States of exception: The usurpation of popular sovereignty

Hans Hofmann, Pompeii, 1959


“Preface” and “Presentation” of the recently released book by Luis Manuel Fonseca Pires.

[Alysson Leandro Mascaro]

Establishing itself in a sensitive junction between Law and the State, Administrative Law is a relevant plexus of powers and contemporary social domination. Precisely because of its nature as a sensitive recondition of power, reflection on Administrative Law is usually undertaken from the framework of its own internal narrative, praising the historical establishment of powers, measures and limits of the State in the face of society, of intersubjective business relationships and the citizen.

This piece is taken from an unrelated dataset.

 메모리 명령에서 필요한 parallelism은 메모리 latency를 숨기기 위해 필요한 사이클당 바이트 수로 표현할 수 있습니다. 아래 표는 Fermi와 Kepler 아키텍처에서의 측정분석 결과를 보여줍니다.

According to this narrative, Administrative Law is an element that allows for institutional and social order and stability against political will and voluntarism. Such an administrative reading is juspositivist, based on normative definitions and on the claim that legality limits power. If it is true that some progressive benefits can even be extracted from it – reiterating Administrative Law institutes and their principles against the ignominies of the day –, as a rule, this view supports a conservative use, confirming the services of Law in improving the State and of society as they present themselves. The praise of Administrative Law is, in general, the praise of the State juridified in favor of capital.

In such a scenario, of injunctions and juspositivist praises, the scientificity of Administrative Law that comes to understand its specific historical-social nature within the heart of capitalist sociability is lacking. Precisely because it intertwines, in a unique way, law and the State, Administrative Law is the nodal point in which the characteristics and determinations of the form of legal subjectivity and the state political form are demonstrated. Taken from a scientific and necessarily critical point of view, Administrative Law is not just the affirmation of order and citizenship against state arbitration: it is, above all, the mechanism by which the State is legally structured for the reproduction of the sociability of capitalist exploitation , allowing the march of merchandise and accumulation (exactly according to the dynamics of the social forms from which it derives), still crossed by multiple dominations and oppressions (typical of each of the social formations in which it is rooted). To think critically and consistently about Administrative Law is to think one's own criticism of the State, citizenship, order, Law, capitalism. It is a breathtaking undertaking.

It so happens that such an undertaking is seen to flourish, vigorously, in this book by Luis Manuel Fonseca Pires. Here, his reflection on Administrative Law advances, fundamentally, to the investigation of state sovereignty in capitalism. The State, which retains relative autonomy vis-à-vis capital and the agents of production, is, in practice, limited by them, due to their interests and subjective rights, and, at the same time, required by them to be sovereign and serves as a safeguard for private property, contracts, order. State sovereignty is an unsecured account and, at the same time, is always kept under calculation in capitalist societies.

In this book, the exemplary point of the relationship between sovereignty and Administrative Law is the contemporary Brazilian case: a Federal Constitution enacted after a military dictatorship, founded on the declaration of the sovereignty of the people and on principles of citizenship, and which has since faced with a framework of neoliberalism, dismantling the legal conquests of social welfare and the structural crisis of capitalism.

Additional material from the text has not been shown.